:: PROBLEM DETAILS ::
Without including the pictures, copy out every line below.

==== DATA EXCERPT

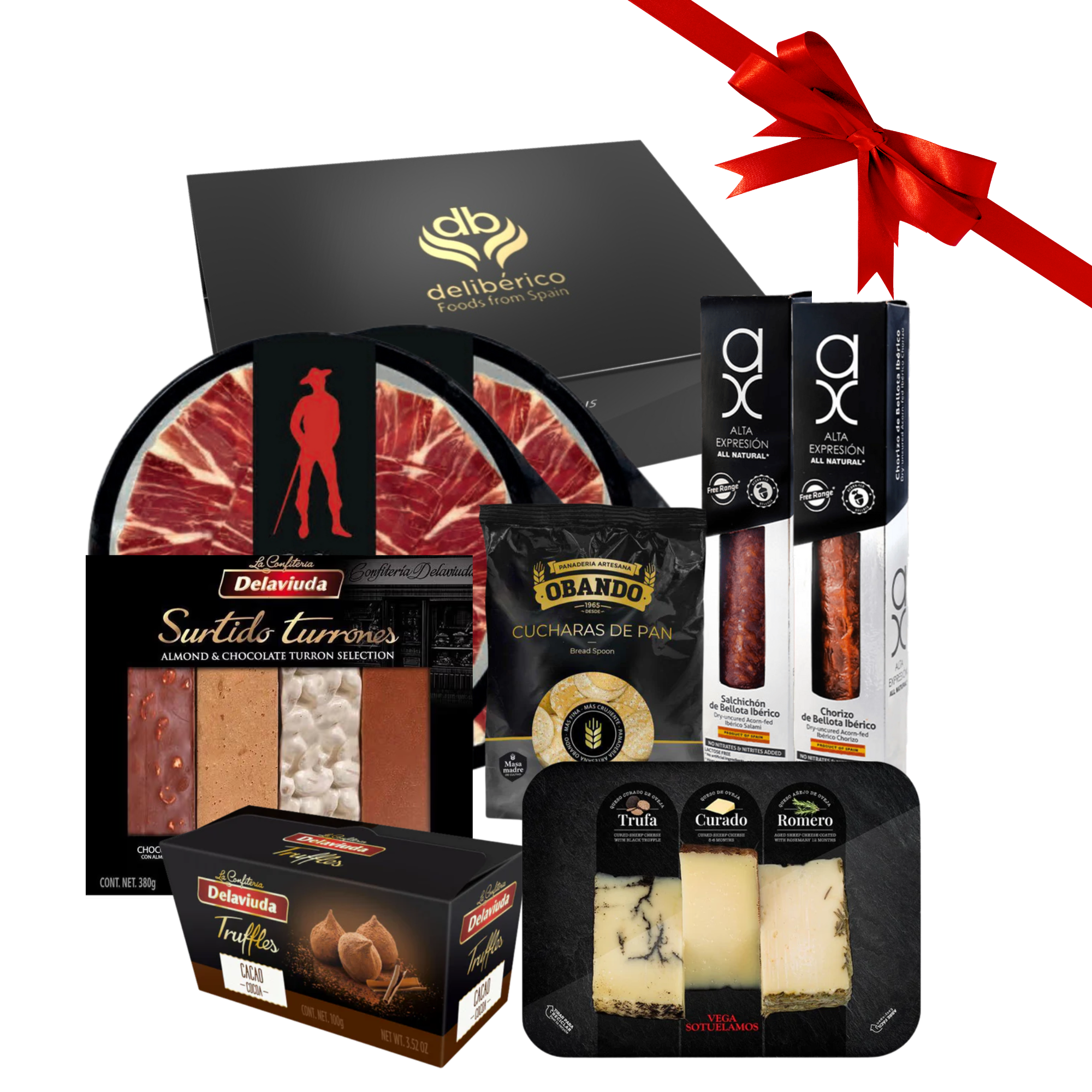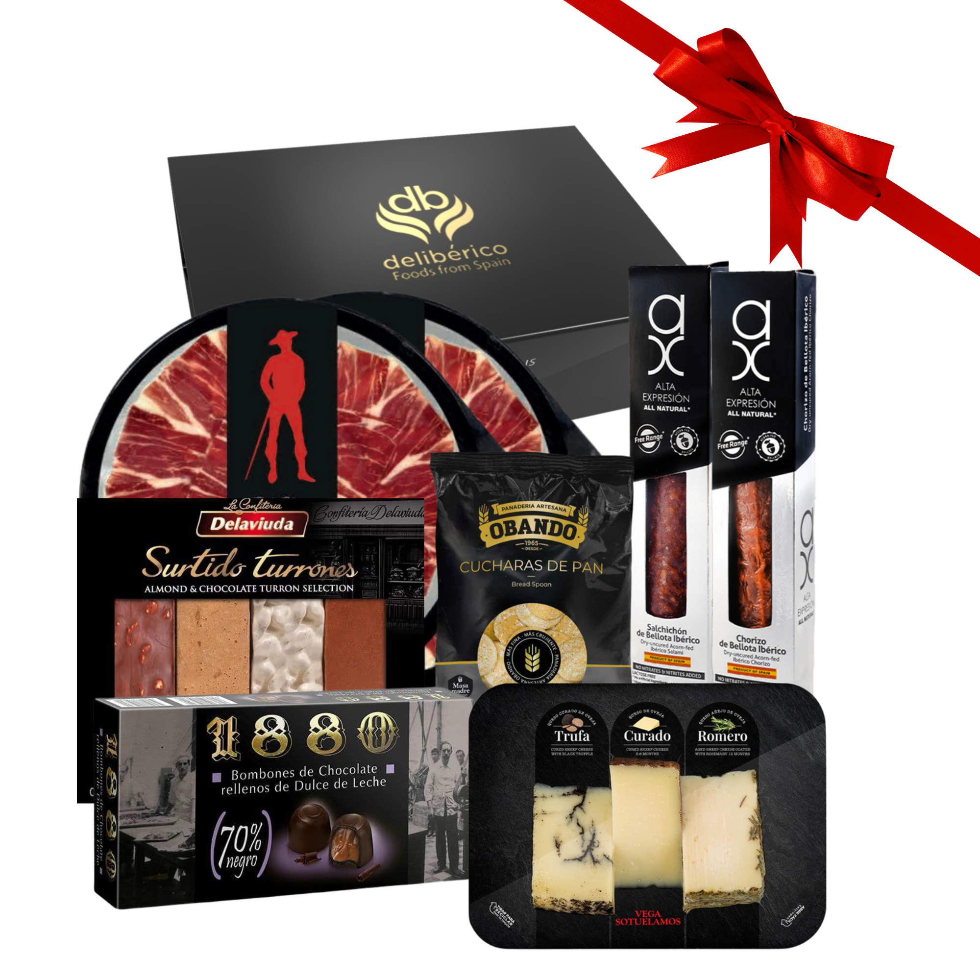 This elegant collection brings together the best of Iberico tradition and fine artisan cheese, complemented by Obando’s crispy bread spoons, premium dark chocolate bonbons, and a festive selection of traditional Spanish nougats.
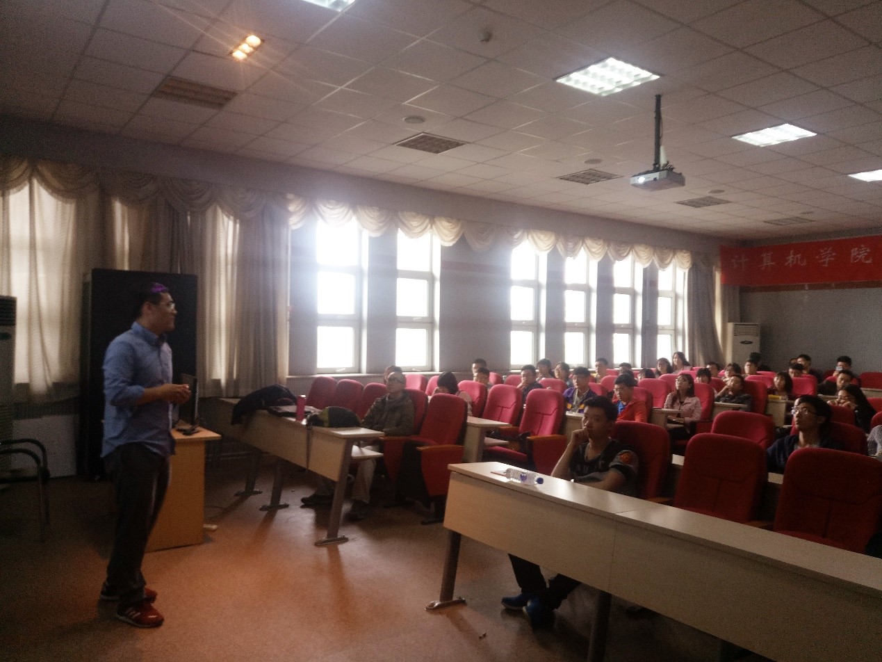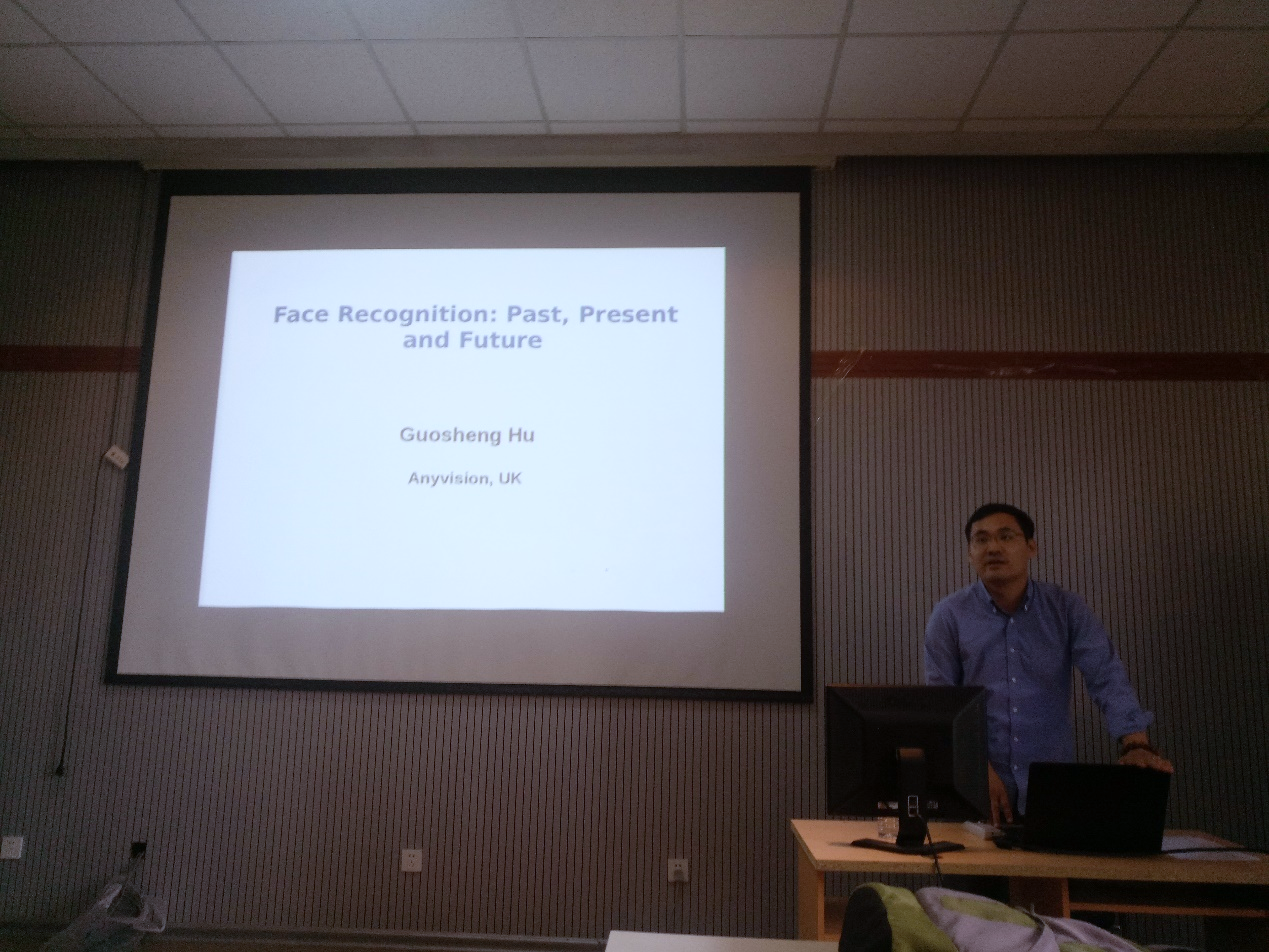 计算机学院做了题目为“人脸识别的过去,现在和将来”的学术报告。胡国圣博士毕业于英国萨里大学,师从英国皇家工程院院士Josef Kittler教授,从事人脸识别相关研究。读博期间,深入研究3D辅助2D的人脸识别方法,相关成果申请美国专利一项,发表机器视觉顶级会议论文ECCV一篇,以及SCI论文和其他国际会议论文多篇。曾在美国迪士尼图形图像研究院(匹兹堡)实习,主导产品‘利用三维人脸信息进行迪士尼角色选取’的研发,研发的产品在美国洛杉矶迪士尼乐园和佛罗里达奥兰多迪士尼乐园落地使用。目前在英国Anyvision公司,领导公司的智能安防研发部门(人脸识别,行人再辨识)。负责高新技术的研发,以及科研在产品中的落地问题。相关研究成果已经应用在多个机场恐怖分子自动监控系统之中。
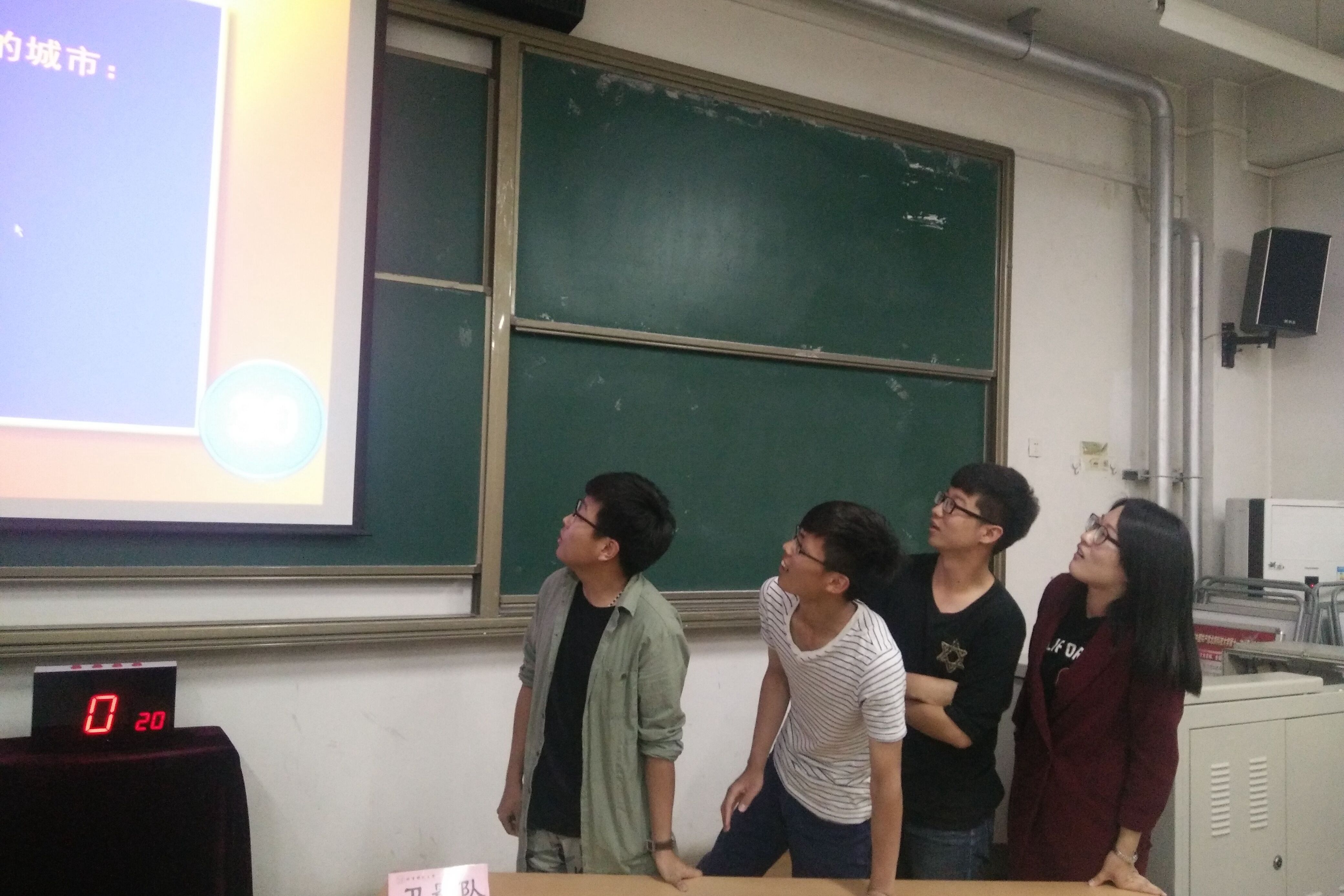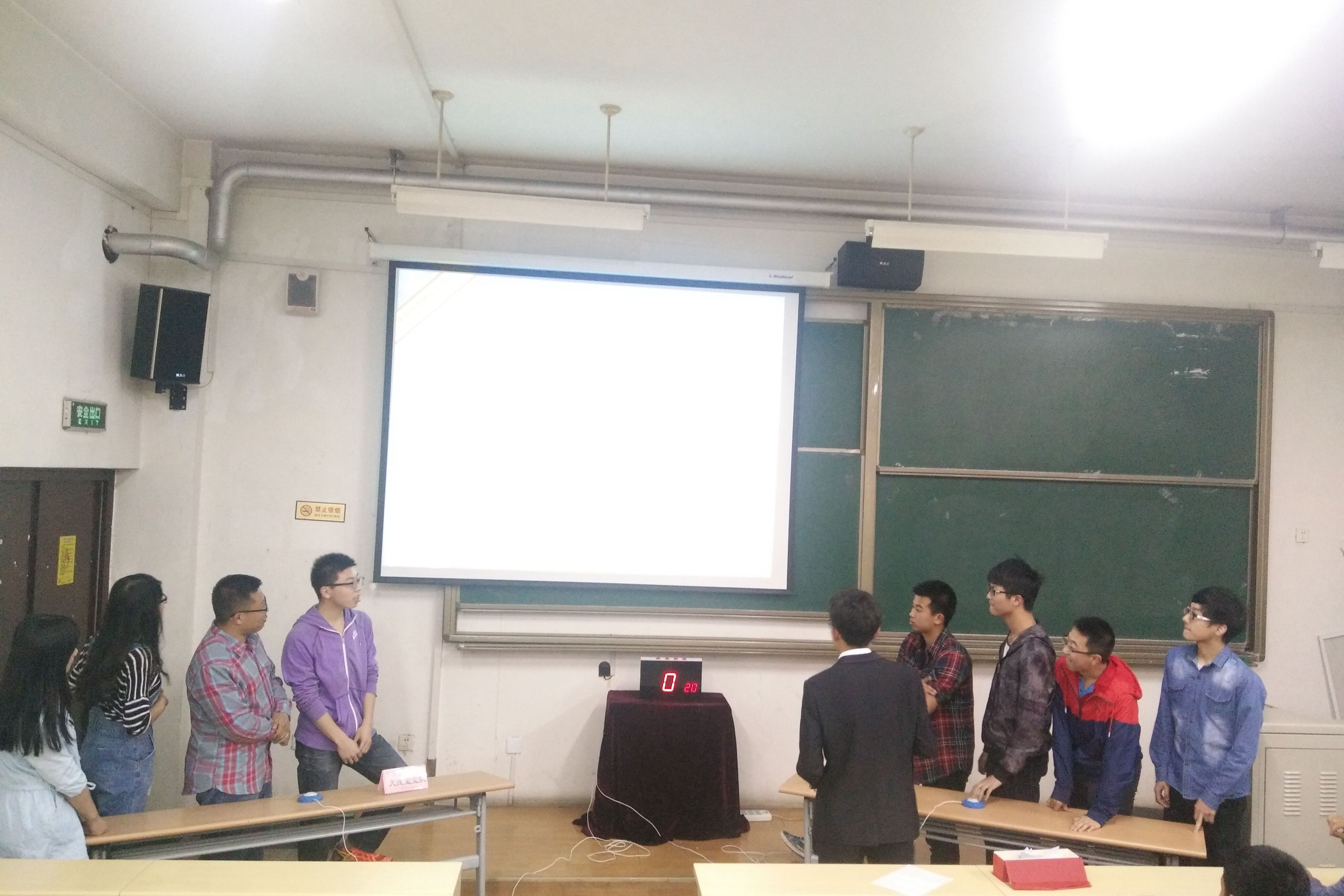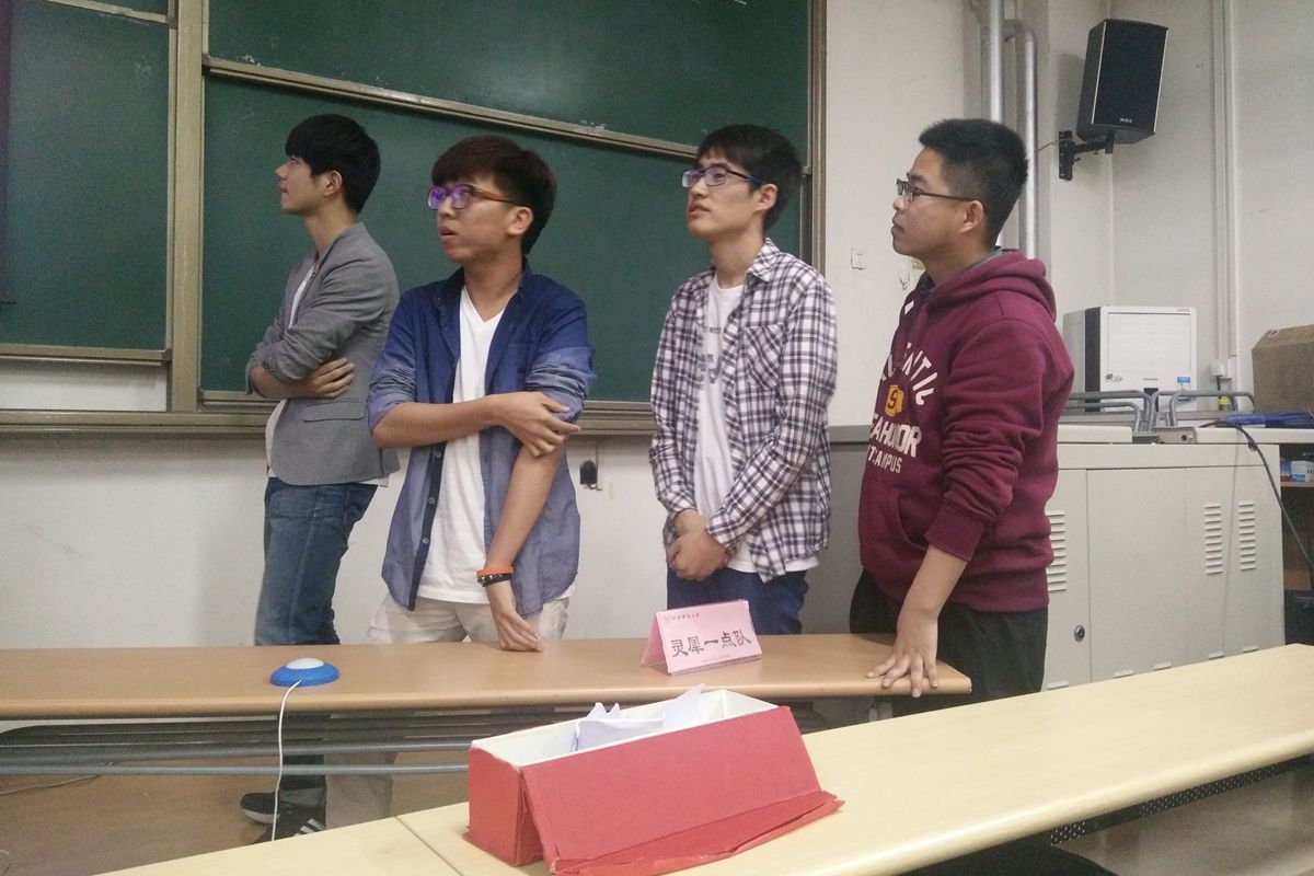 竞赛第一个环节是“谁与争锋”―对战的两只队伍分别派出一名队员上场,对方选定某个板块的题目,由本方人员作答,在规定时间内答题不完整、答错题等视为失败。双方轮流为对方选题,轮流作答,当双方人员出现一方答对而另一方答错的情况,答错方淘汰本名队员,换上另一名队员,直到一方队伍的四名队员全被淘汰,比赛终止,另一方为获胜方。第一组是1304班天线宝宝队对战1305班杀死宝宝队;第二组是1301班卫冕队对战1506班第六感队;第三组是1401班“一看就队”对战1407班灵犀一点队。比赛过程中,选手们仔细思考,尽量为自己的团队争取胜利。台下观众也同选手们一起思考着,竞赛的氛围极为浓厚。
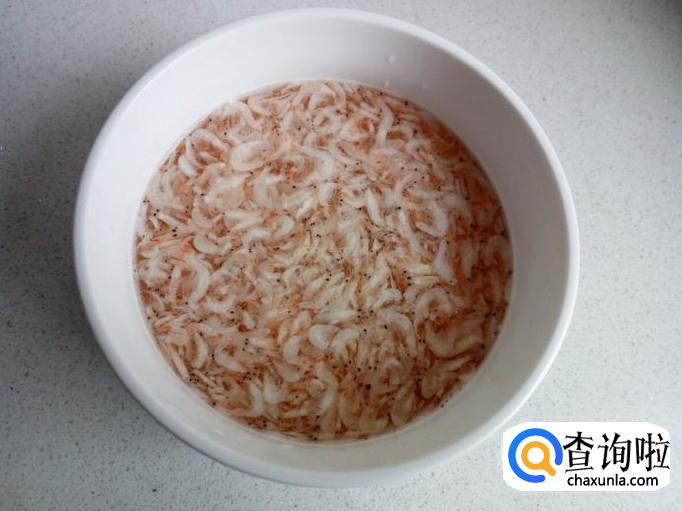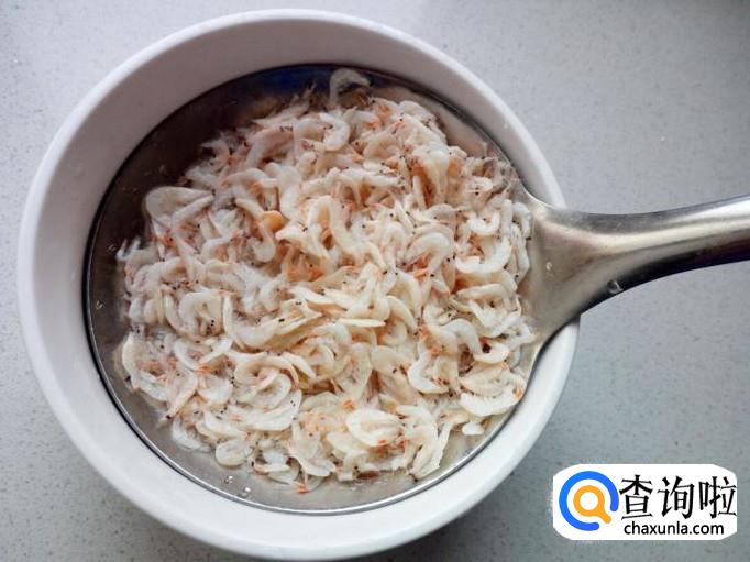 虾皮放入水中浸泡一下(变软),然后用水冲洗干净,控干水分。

========

:: YOUR RESPONSE ::
 This elegant collection brings together the best of Iberico tradition and fine artisan cheese, complemented by Obando’s crispy bread spoons, premium dark chocolate bonbons, and a festive selection of traditional Spanish nougats.
 计算机学院做了题目为“人脸识别的过去,现在和将来”的学术报告。胡国圣博士毕业于英国萨里大学,师从英国皇家工程院院士Josef Kittler教授,从事人脸识别相关研究。读博期间,深入研究3D辅助2D的人脸识别方法,相关成果申请美国专利一项,发表机器视觉顶级会议论文ECCV一篇,以及SCI论文和其他国际会议论文多篇。曾在美国迪士尼图形图像研究院(匹兹堡)实习,主导产品‘利用三维人脸信息进行迪士尼角色选取’的研发,研发的产品在美国洛杉矶迪士尼乐园和佛罗里达奥兰多迪士尼乐园落地使用。目前在英国Anyvision公司,领导公司的智能安防研发部门(人脸识别,行人再辨识)。负责高新技术的研发,以及科研在产品中的落地问题。相关研究成果已经应用在多个机场恐怖分子自动监控系统之中。
 竞赛第一个环节是“谁与争锋”―对战的两只队伍分别派出一名队员上场,对方选定某个板块的题目,由本方人员作答,在规定时间内答题不完整、答错题等视为失败。双方轮流为对方选题,轮流作答,当双方人员出现一方答对而另一方答错的情况,答错方淘汰本名队员,换上另一名队员,直到一方队伍的四名队员全被淘汰,比赛终止,另一方为获胜方。第一组是1304班天线宝宝队对战1305班杀死宝宝队;第二组是1301班卫冕队对战1506班第六感队;第三组是1401班“一看就队”对战1407班灵犀一点队。比赛过程中,选手们仔细思考,尽量为自己的团队争取胜利。台下观众也同选手们一起思考着,竞赛的氛围极为浓厚。
 虾皮放入水中浸泡一下(变软),然后用水冲洗干净,控干水分。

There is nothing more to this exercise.